**What you are asked to do:** Type the records that follow again exactly as written, but drop the pictures.

**Data excerpts:**
####
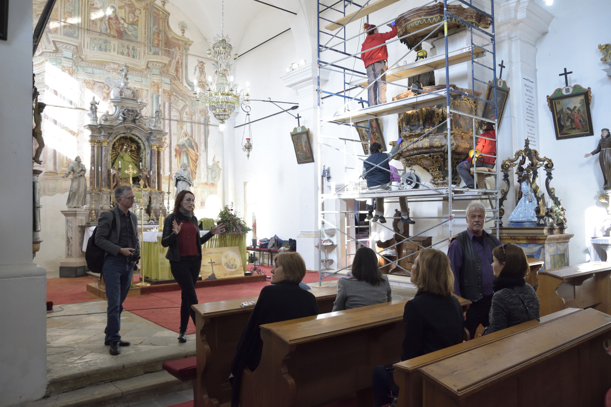 Im Laufe des Tages wurde ein Fachbesuch für Projektteilnehmende organisiert, besucht wurde die Pfarrkirche Maria Heimsuchung in Marija Gorica, in der die Kanzel von Franz Anton Straub gerade restauriert wird. Es gab auch einen Besuch der Pfarrkirche des Hl. Franz Xaver in Vugrovec, die drei Altäre von Franz Anton Straub birgt, des Gemeindehauses sowie der Kapelle des Hl. Michaels in derselben Pfarre. Des Weiteren eine geführte Tour durch die Ausstellung Höhepunkt der barocken Ära: Die Kunst der Straub-Familie in der ehemaligen Erzdiözese Zagreb.
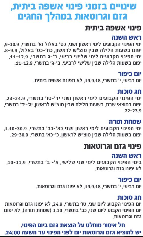 משרדי העיריה יהיו סגורים לקבלת קהל ולא יינתן מענה טלפוני בערב ראש השנה(9.9-11.9), ערב יום כיפור (18.9-19.9), ערב סוכות וימי החג עצמם- החל מיום ראשון, 23.9 ועד לאחר החג.
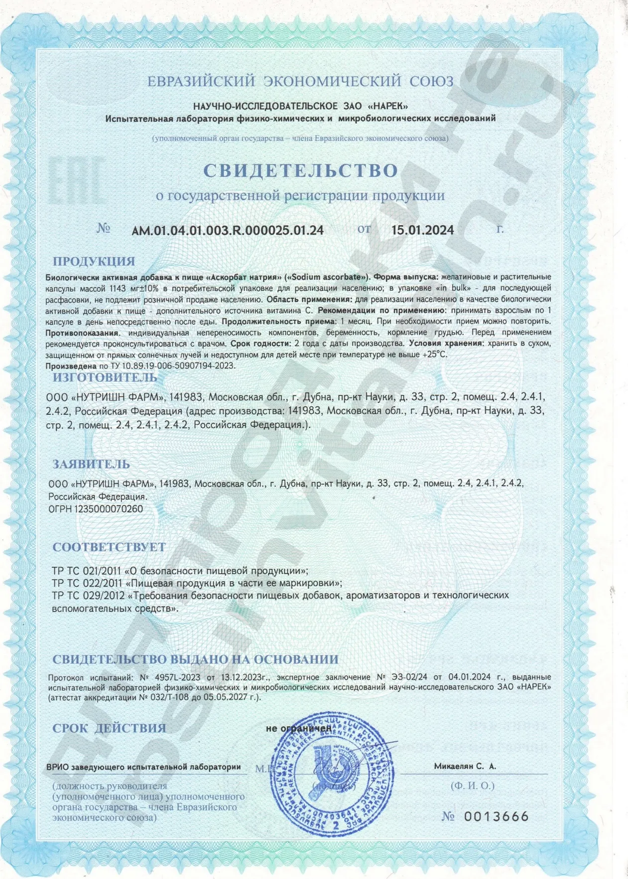Натрия аскорбат (Витамин С), капсула растительная (гидроксипропилметилцеллюлоза), мальтодекстрин.
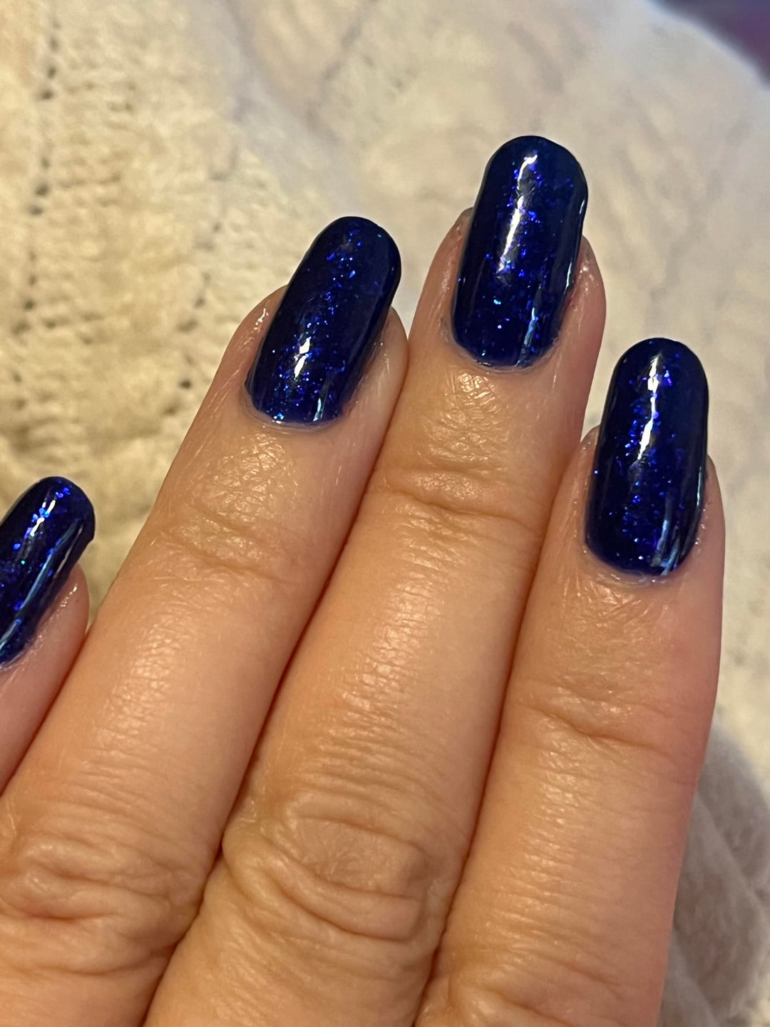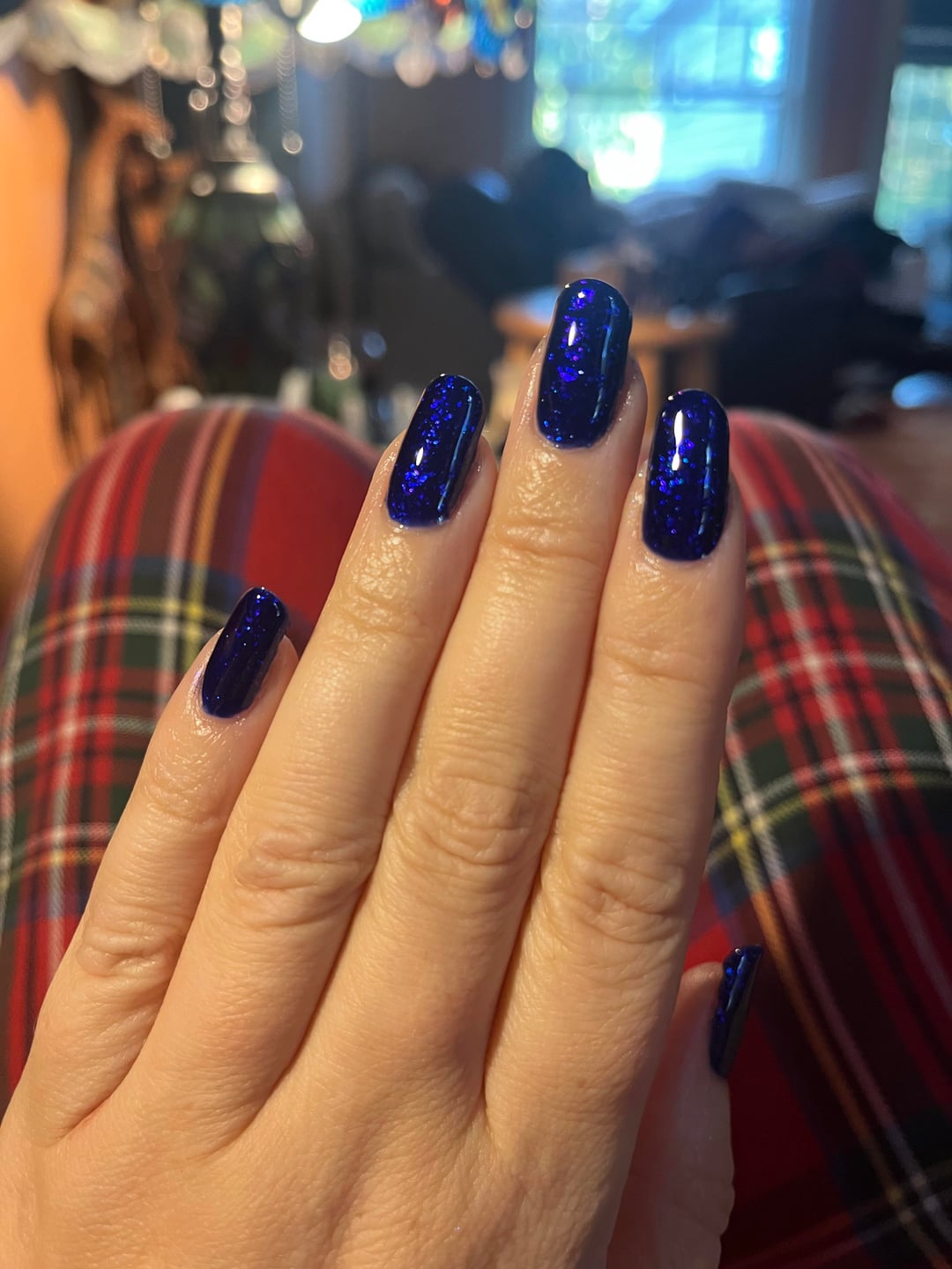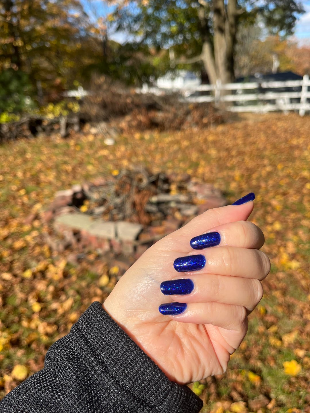 Base coat nailtiques 2; 2 coats Lurid Lacquer, “As the long dark night gives way to morning.” Kb shimmer smooth moves glitter grabber; Mooncat speed demon quick dry top coat.
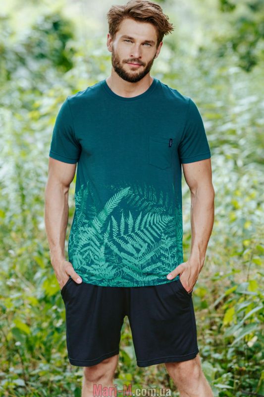 Мужская пижама из бамбука MNS 826 A20 Key. Стильная мужская пижама из нежного и легкого бамбукового трикотажа, состоит из футболки насыщенного бирюзового цвета и однотонных шорт. Футболка свободного кроя, с короткими рукавами, круглым вырезом горловины и небольшим нагрудным карманом, внизу украшена принтом в виде зеленых листьев папоротника. Шорты прямые с мягкой резинкой в поясе и удобными боковыми карманами, регулируются по ширине шнурком. Состав: 95% бамбук, 5% эластан.
####
**Result of this exercise:**
 Im Laufe des Tages wurde ein Fachbesuch für Projektteilnehmende organisiert, besucht wurde die Pfarrkirche Maria Heimsuchung in Marija Gorica, in der die Kanzel von Franz Anton Straub gerade restauriert wird. Es gab auch einen Besuch der Pfarrkirche des Hl. Franz Xaver in Vugrovec, die drei Altäre von Franz Anton Straub birgt, des Gemeindehauses sowie der Kapelle des Hl. Michaels in derselben Pfarre. Des Weiteren eine geführte Tour durch die Ausstellung Höhepunkt der barocken Ära: Die Kunst der Straub-Familie in der ehemaligen Erzdiözese Zagreb.
 משרדי העיריה יהיו סגורים לקבלת קהל ולא יינתן מענה טלפוני בערב ראש השנה(9.9-11.9), ערב יום כיפור (18.9-19.9), ערב סוכות וימי החג עצמם- החל מיום ראשון, 23.9 ועד לאחר החג.
Натрия аскорбат (Витамин С), капсула растительная (гидроксипропилметилцеллюлоза), мальтодекстрин.
 Base coat nailtiques 2; 2 coats Lurid Lacquer, “As the long dark night gives way to morning.” Kb shimmer smooth moves glitter grabber; Mooncat speed demon quick dry top coat.
 Мужская пижама из бамбука MNS 826 A20 Key. Стильная мужская пижама из нежного и легкого бамбукового трикотажа, состоит из футболки насыщенного бирюзового цвета и однотонных шорт. Футболка свободного кроя, с короткими рукавами, круглым вырезом горловины и небольшим нагрудным карманом, внизу украшена принтом в виде зеленых листьев папоротника. Шорты прямые с мягкой резинкой в поясе и удобными боковыми карманами, регулируются по ширине шнурком. Состав: 95% бамбук, 5% эластан.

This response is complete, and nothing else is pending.